The home provides care and accommodation for up to 32 older people, some of whom may be living with dementia or have a physical disability. It is required to have a registered manager. A registered manager is a person who has registered with the Care Quality Commission (CQC) to manage the service. Like registered providers, they are ‘registered persons’. Registered persons have legal responsibility for meeting the requirements in the Health and Social Care Act 2008 and associated Regulations about how the service is run. The registered manager left the home in August 2014 and an interim manager was in post at the time of our inspection who told us they were in the process of making their application to become the registered manager. People found the interim manager to be visible and approachable.

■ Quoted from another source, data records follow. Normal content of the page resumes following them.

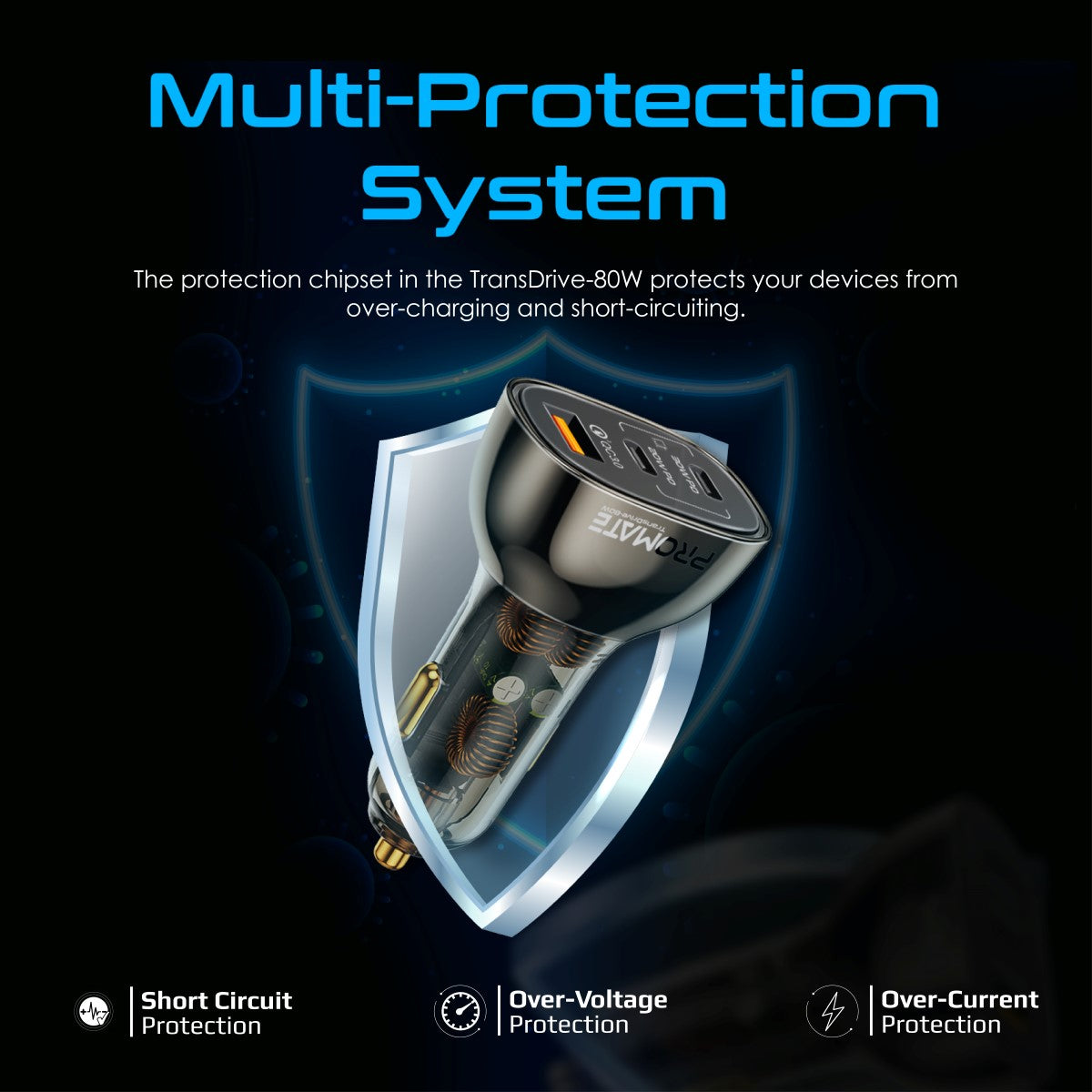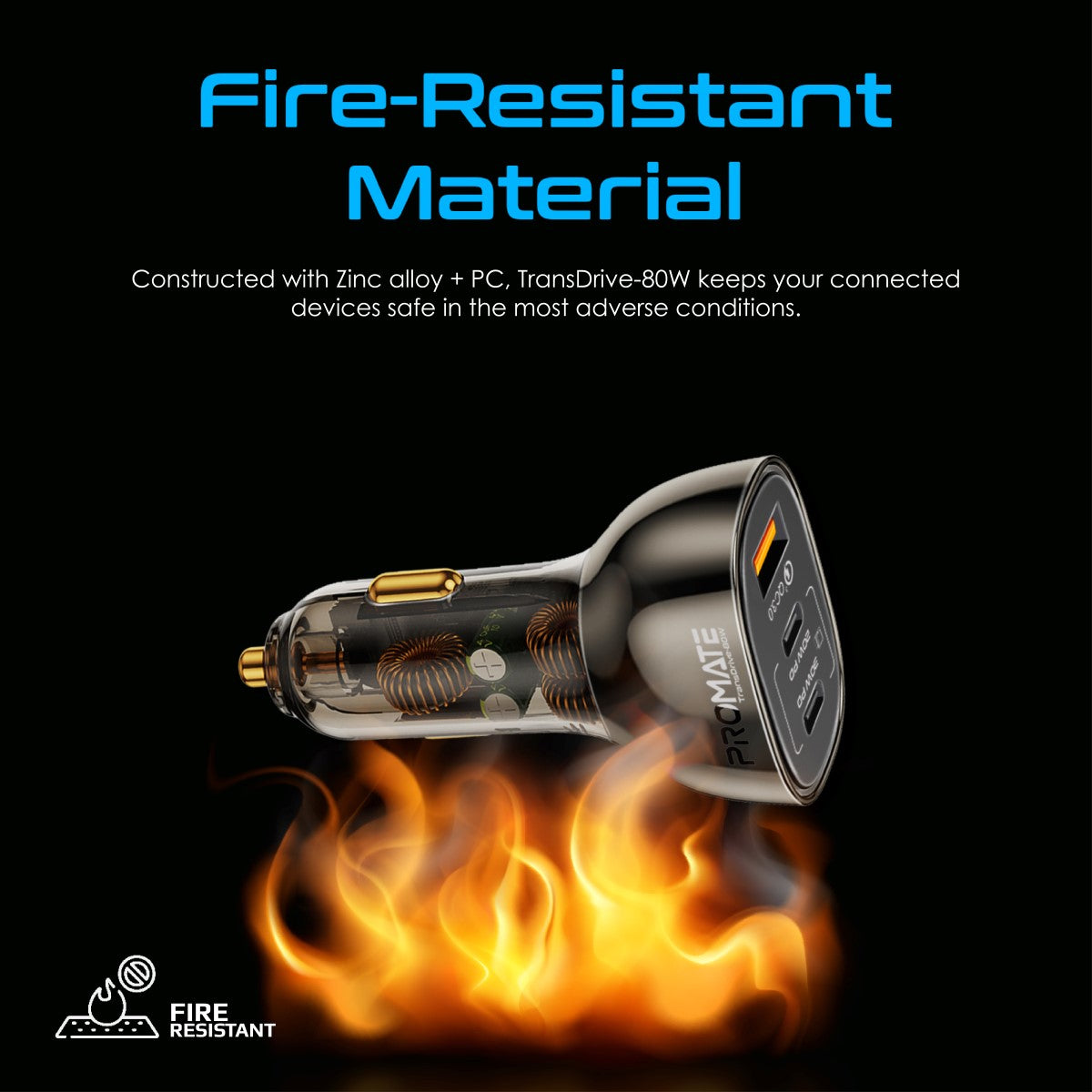TransDrive-80W is the ultimate accessory, featuring dual USB-C ports with 30W and 20W Power Delivery, as well as a 30W Quick Charging 3.0 port, all housed in a distinctive transparent design. This sophisticated car charger can quickly recharge your power-hungry devices such as laptops, tablets, and smartphones while you're on the move. Crafted with premium heat dispersion material and IC Technology, this compact and efficient car charger ensures the safest and speediest charge possible in both ports. With its impressive finish and rapid charging capabilities, TransDrive-80W is the optimal charging solution to enhance your driving experience.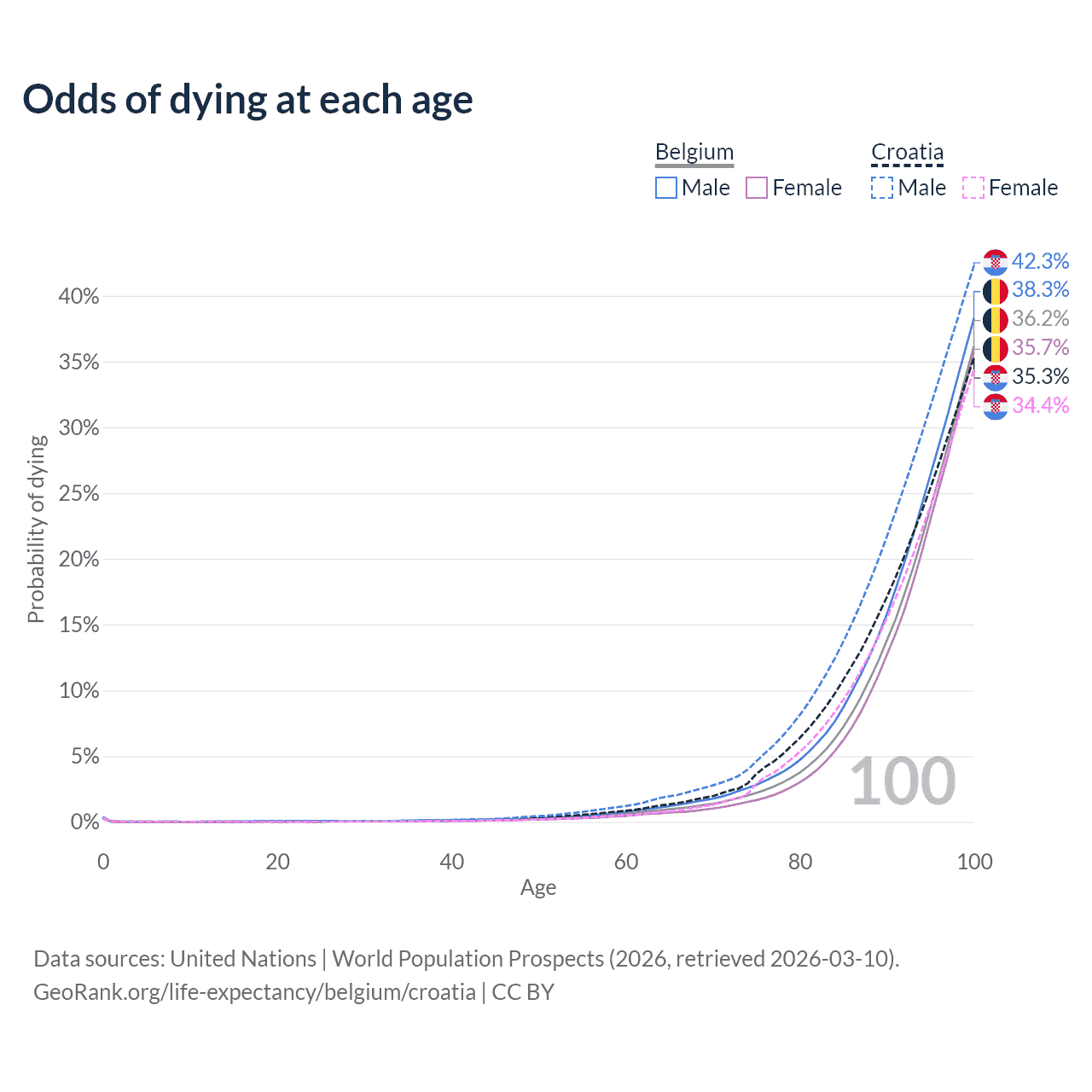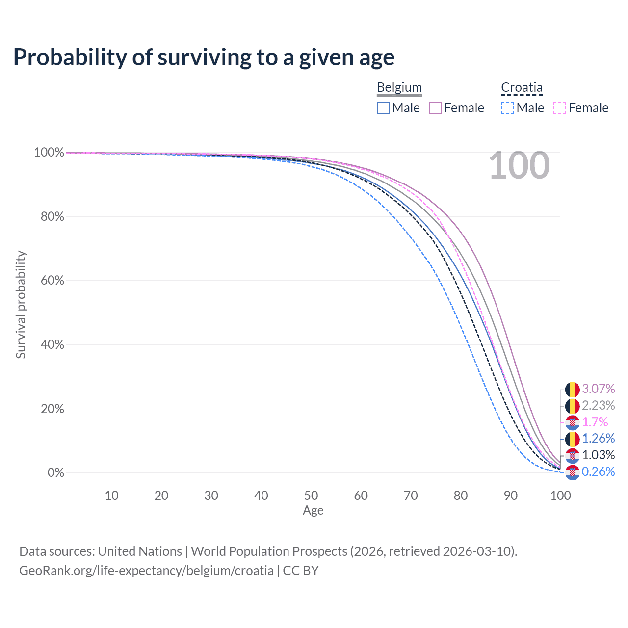 This life expectancy calculator shows the odds of living to 100, 95, 90, and below based on current age for both males and females in Belgium and Croatia, along with mean and median age of death. The calculations are based on the 2026 life tables (actuarial tables) from the UN World Population Prospects.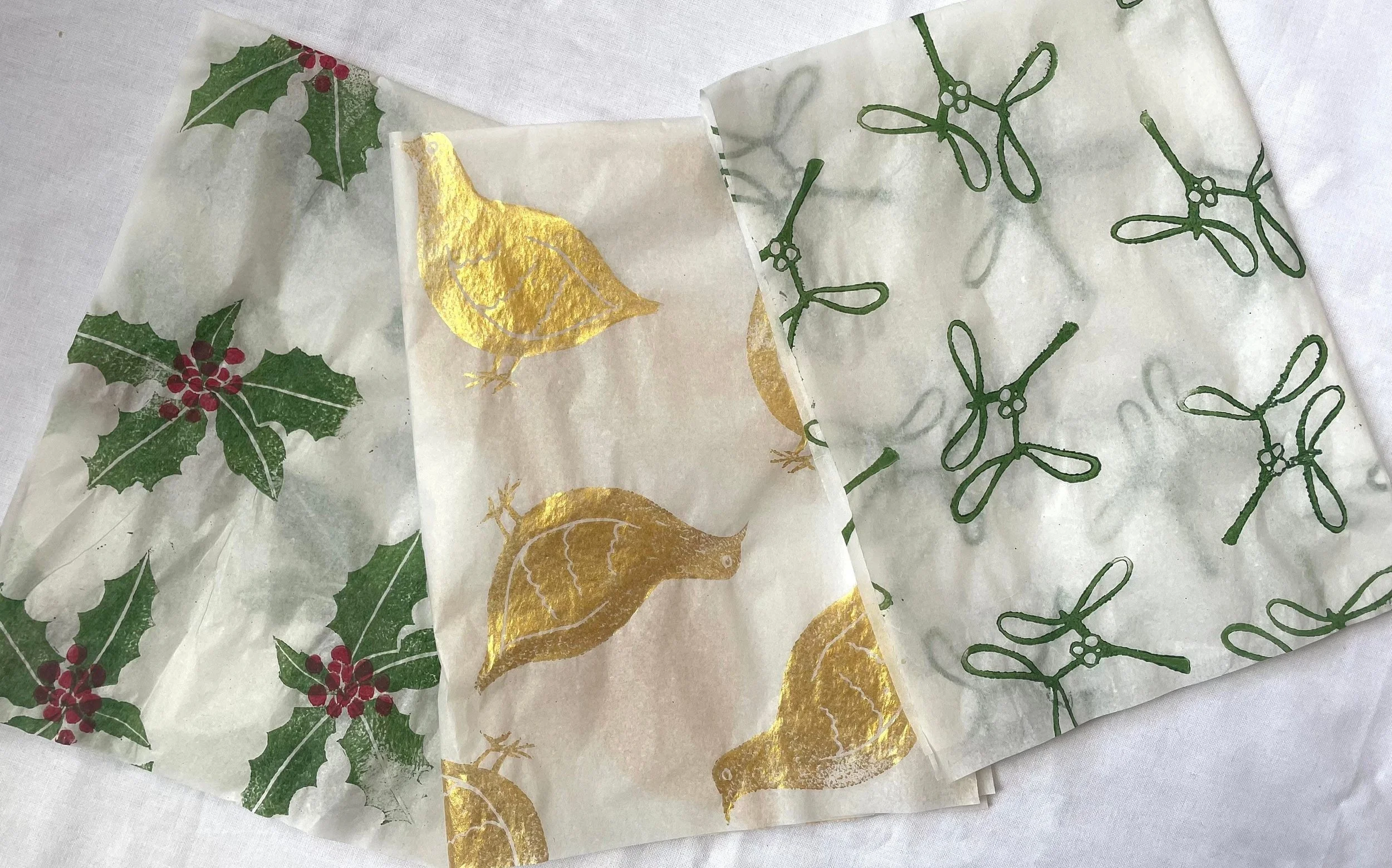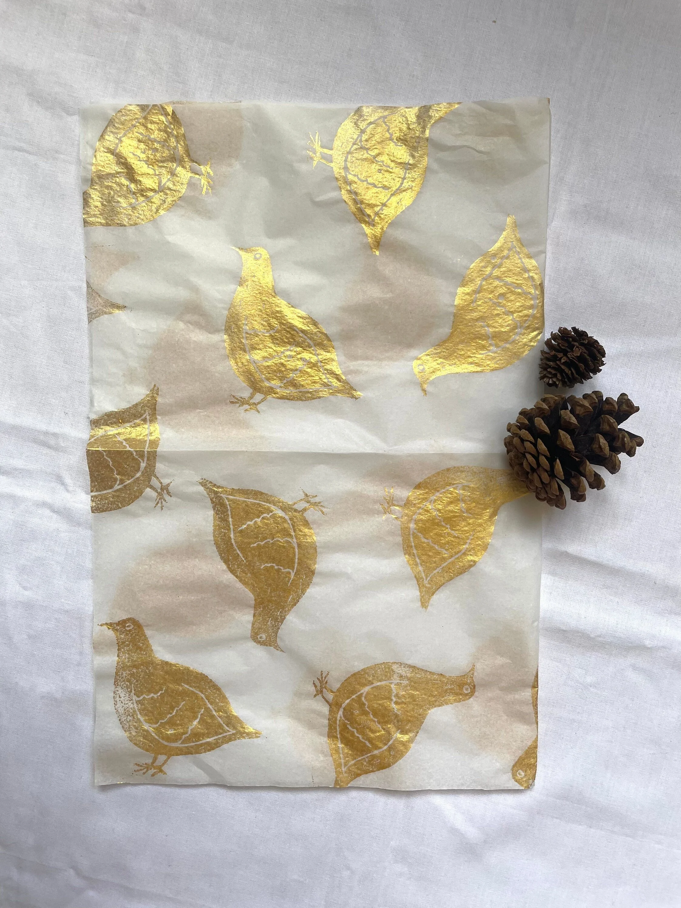 3x Golden Partrige, Handprinted Eco Tissue paper, tissue paper, gift wrap, packaging, pretty packaging. 3x sheets Christmas tissue paper,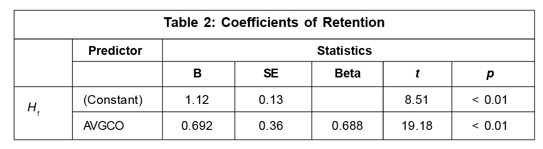 To test the hypothesis, linear regression analysis was done. The first hypothesis refers to examining the impact of compensation on the retention of employees in animation companies in India. The regression model summary was statistically significant and indicated R2 = 0.47 with the value of F = 367.904, p < 0.001 (Table 1). The results indicate a significant impact of compensation on employee retention (b = 0.69, t = 19.18, p < 0.01), implying a 47% variance in the retention of employees is explained by compensation, while the remaining variances are explained by other factors outside the model.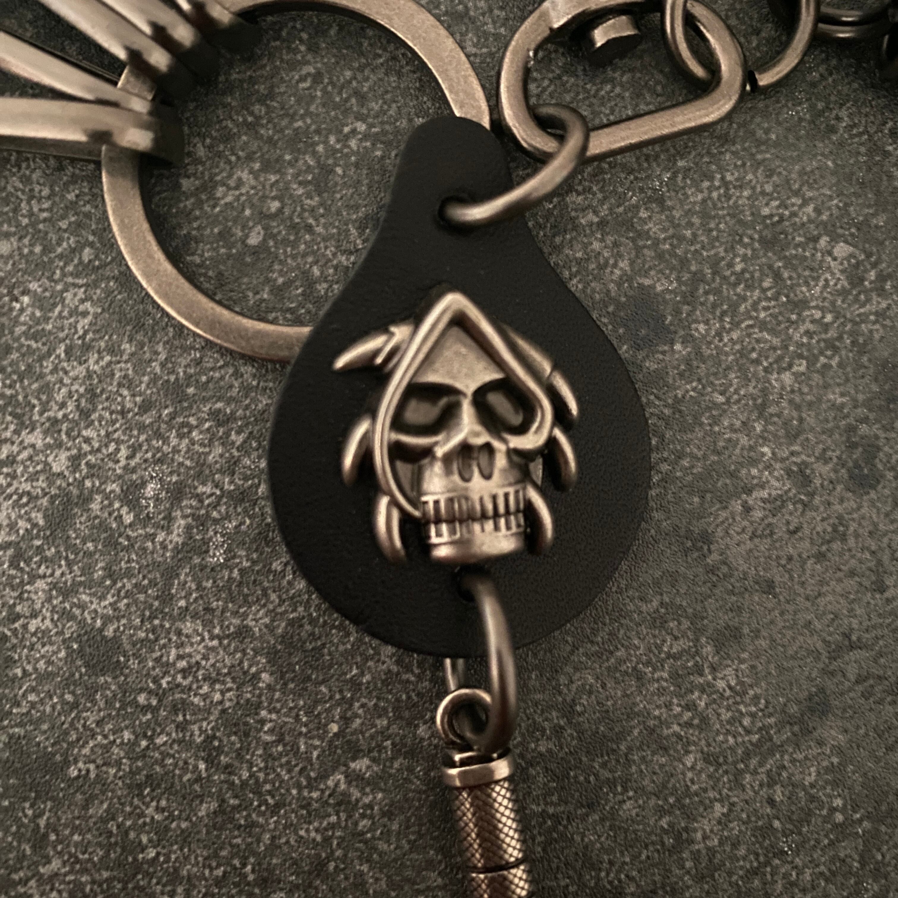 スカルとナイフのチャームがアクセントのウォレットチェーン。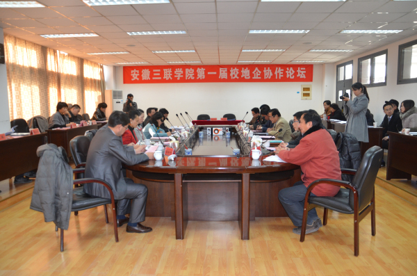 为了进一步加强校地企合作共赢,推进协同创新,深入探索校地企联合培养人才工作模式,提升高校的人才培养服务地方经济建设和社会发展的实效,12月12日,安徽三联学院第一届校地企协作论坛隆重召开。省教育厅人力资源和社会保障厅、省教育厅大中专毕业生就业指导中心、合肥市经开区人事劳动局等单位领导、合肥美菱股份有限公司等八家企业嘉宾和我院9个系(院)的常务主任和负责就业工作的相关人员共40余人出席会议。院长助理姜发根主持论坛。
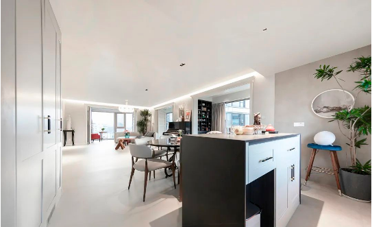 本项目位于南京下关,室内设计方案是业主设计的,业主本身不仅是一位出色的室内设计师,同时也是一名青年油画家。开敞的空间同时容纳了客厅、餐厅及西厨的功能,客厅、餐厅和厨房相连的空间模糊了功能的界限,使得家庭活动有了更多的可能性。

People were safe at the home. People had been involved in determining their care needs and the way in which their care was to be delivered. Their consent was gained before any care was provided and staff encouraged them to be as independent as possible.

People had a good choice of nutritious food and drinks. They were assisted to access other healthcare professionals to maintain their health and well-being and there were effective processes in place to manage their medicines. Information was available to people about the services provided at the home and how they could make a complaint should they need to.

People were supported to follow their interests and hobbies.

Personalised risk assessments were in place to reduce the risk of harm to people, as were risk assessments connected to the running of the home and these were reviewed regularly. Accidents and incidents were recorded and the causes of these analysed so that preventative action could be taken to reduce the number of occurrences. There was an effective complaints policy in place and complaints were responded to quickly.

There were enough skilled, qualified staff to provide for people’s needs. The necessary recruitment and selection processes were in place and the provider had taken steps to ensure that staff were suitable to work with people who lived at the home.

Staff were aware of the safeguarding process. They were trained and supported by way of supervisions and appraisals. They were kind and caring and protected people’s dignity. They treated people with respect.

People, their relatives and staff were encouraged to attend meetings with the manager at which they could discuss aspects of the service and care delivery. There was an effective quality assurance system in place. The requirements of the Mental Capacity Act 2005 and associated Deprivation of Liberty Safeguards were met.